PROBLEM DETAILS — Would you repeat the listing exactly, without any of its images?
--------------------------------
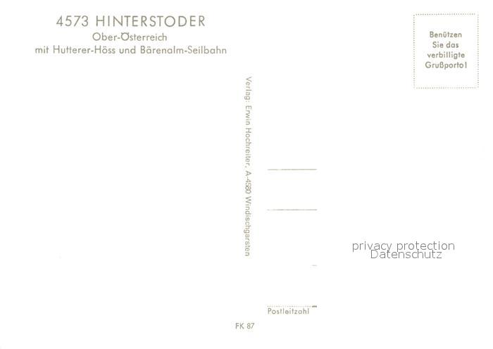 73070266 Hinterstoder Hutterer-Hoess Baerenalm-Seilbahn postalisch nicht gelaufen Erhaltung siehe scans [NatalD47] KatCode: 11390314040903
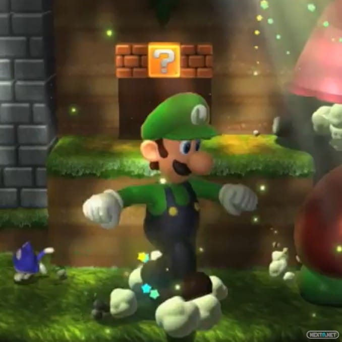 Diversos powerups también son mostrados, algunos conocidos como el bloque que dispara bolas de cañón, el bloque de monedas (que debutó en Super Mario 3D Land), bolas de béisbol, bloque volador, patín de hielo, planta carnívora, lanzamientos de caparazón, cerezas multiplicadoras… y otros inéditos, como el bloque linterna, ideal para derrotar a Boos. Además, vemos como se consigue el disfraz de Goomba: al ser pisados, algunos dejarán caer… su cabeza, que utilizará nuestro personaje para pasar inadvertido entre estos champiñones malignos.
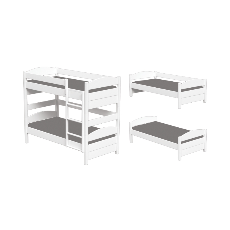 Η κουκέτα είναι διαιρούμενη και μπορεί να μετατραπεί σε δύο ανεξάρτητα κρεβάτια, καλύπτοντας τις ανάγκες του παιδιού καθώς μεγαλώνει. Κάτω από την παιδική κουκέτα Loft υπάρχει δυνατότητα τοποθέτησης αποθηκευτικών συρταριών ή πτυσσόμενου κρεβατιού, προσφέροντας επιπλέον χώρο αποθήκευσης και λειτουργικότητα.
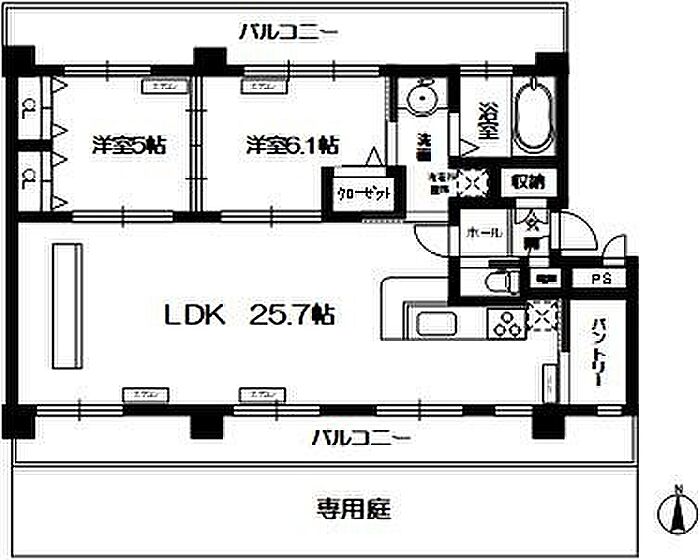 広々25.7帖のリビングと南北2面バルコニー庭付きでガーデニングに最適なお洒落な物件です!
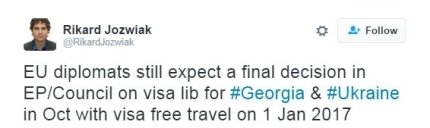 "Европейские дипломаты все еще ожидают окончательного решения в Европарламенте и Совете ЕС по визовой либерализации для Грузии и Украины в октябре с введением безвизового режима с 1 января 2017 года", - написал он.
--------------------------------
TASK OUTPUT —
 73070266 Hinterstoder Hutterer-Hoess Baerenalm-Seilbahn postalisch nicht gelaufen Erhaltung siehe scans [NatalD47] KatCode: 11390314040903
 Diversos powerups también son mostrados, algunos conocidos como el bloque que dispara bolas de cañón, el bloque de monedas (que debutó en Super Mario 3D Land), bolas de béisbol, bloque volador, patín de hielo, planta carnívora, lanzamientos de caparazón, cerezas multiplicadoras… y otros inéditos, como el bloque linterna, ideal para derrotar a Boos. Además, vemos como se consigue el disfraz de Goomba: al ser pisados, algunos dejarán caer… su cabeza, que utilizará nuestro personaje para pasar inadvertido entre estos champiñones malignos.
 Η κουκέτα είναι διαιρούμενη και μπορεί να μετατραπεί σε δύο ανεξάρτητα κρεβάτια, καλύπτοντας τις ανάγκες του παιδιού καθώς μεγαλώνει. Κάτω από την παιδική κουκέτα Loft υπάρχει δυνατότητα τοποθέτησης αποθηκευτικών συρταριών ή πτυσσόμενου κρεβατιού, προσφέροντας επιπλέον χώρο αποθήκευσης και λειτουργικότητα.
 広々25.7帖のリビングと南北2面バルコニー庭付きでガーデニングに最適なお洒落な物件です!
 "Европейские дипломаты все еще ожидают окончательного решения в Европарламенте и Совете ЕС по визовой либерализации для Грузии и Украины в октябре с введением безвизового режима с 1 января 2017 года", - написал он.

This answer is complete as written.